SAMR Level 1 Substitution—Direct substitute with no functional change—brings instructional media into the local classroom. Before digital life emerged, students consumed media that instructors curated. In the 1970s, VHS gave us the ability to be direct consumers of video programming. In 2007, Netflix introduced media streaming to consumers. Personal curation became possible and continues to expand for students.

SAMR Level 2 Augmentation—Direct substitute with functional improvement—transfers instructional media into interactive digital learning spaces. This advancement allows educators to tailor media to learning targets organized in learning management systems. Students can engage in the content on a more flexible schedule of repeatable viewing, which empowers them to fill learning gaps as they review. Instructors use applications that enhance student engagement by embedding questions in video presentations to help students check their understanding. Apps that provide group annotation and discussion around media objects can increase interaction and strengthen critical thinking.

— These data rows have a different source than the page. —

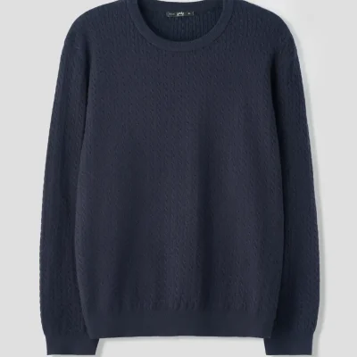 Áo Len Nam Regular Cổ Tròn Thấp Bện Thừng
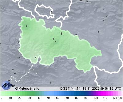 | Actualizado: 02:15 UTC | 2,8°C 76% | 4,4 °C / 81% | | 1,6°C / 72% | | 5 km/h NW | | 12 km/h | | 1.019 hPa |
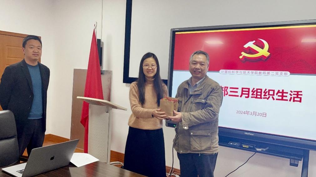 会议伊始,支部举行了一场简单而温馨的“叶健同志荣休”欢送仪式。支部副书记金健同志作为党员代表介绍了叶健同志的工作历程和党务工作等相关情况,并深情回忆了双“健”合璧的美好时光。叶健同志分享了自1986年入职黄网 以来的工作经历,表达了对学校、学院和党员同志们的不舍之情。陈蕾副院长代表支部向叶健同志赠送了一份珍贵的荣休纪念品,支部成员们也纷纷表达了对他的惜别之情。
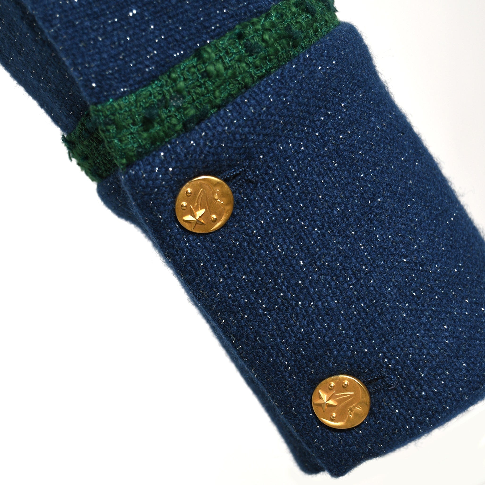 - 3 Gold plated functional buttons on the front and 2 functional buttons on sleeves with moon and stars motifs
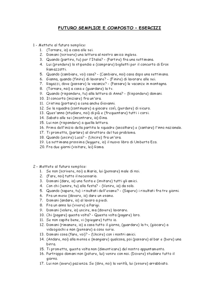 Futuro Semplice e Composto-Esercizi | PDF

"Applications empower us to move with greater speed in building more robust learning environments and to become more agile in exploring what works"

SAMR Level 3 Modification—Allows for significant task redesign—places students in the driver's seat of media production in the learning experience. In 2005, YouTube launched and quickly received millions of video uploads while capturing the eyes of millions of viewers. Consumers became producers. Today, our students can produce media on a single device using select features in a sea of apps. Students focus on their app adoption, and they become experts in their chosen digital spaces. Students are influencers who can communicate fluidly when they have a purpose. Our instruction can mentor students in creating high-impact media that makes a real-world contribution.

SAMR Level 4 Redefinition—Allows for the creation of new tasks, previously inconceivable—turns the tide toward a new technological era that we are now entering. Today’s students are using generative artificial intelligence (AI) apps to enhance how they learn. In terms of media consumption, students submit lecture video transcripts in an AI app, which produces summaries and offers additional contexts. Students report that this expands the scope and depth of learning. In terms of media creation, students report that they are using AI apps at work and in their personal lives. They ask, ‘How could we not use AI in coursework?' As AI apps continue to present new media production capabilities, we need a disciplined approach to exercising personal and social judgment about fair use and understanding when an object is created to influence vs. misinform. Instructors and students must motivate each other to exercise analytical thinking and creativity in constructing assessments that give agency to students, with constraints designed by instructors, to guide authentic growth in using AI responsibly. We do not want AI to circumvent critical thinking and integrity.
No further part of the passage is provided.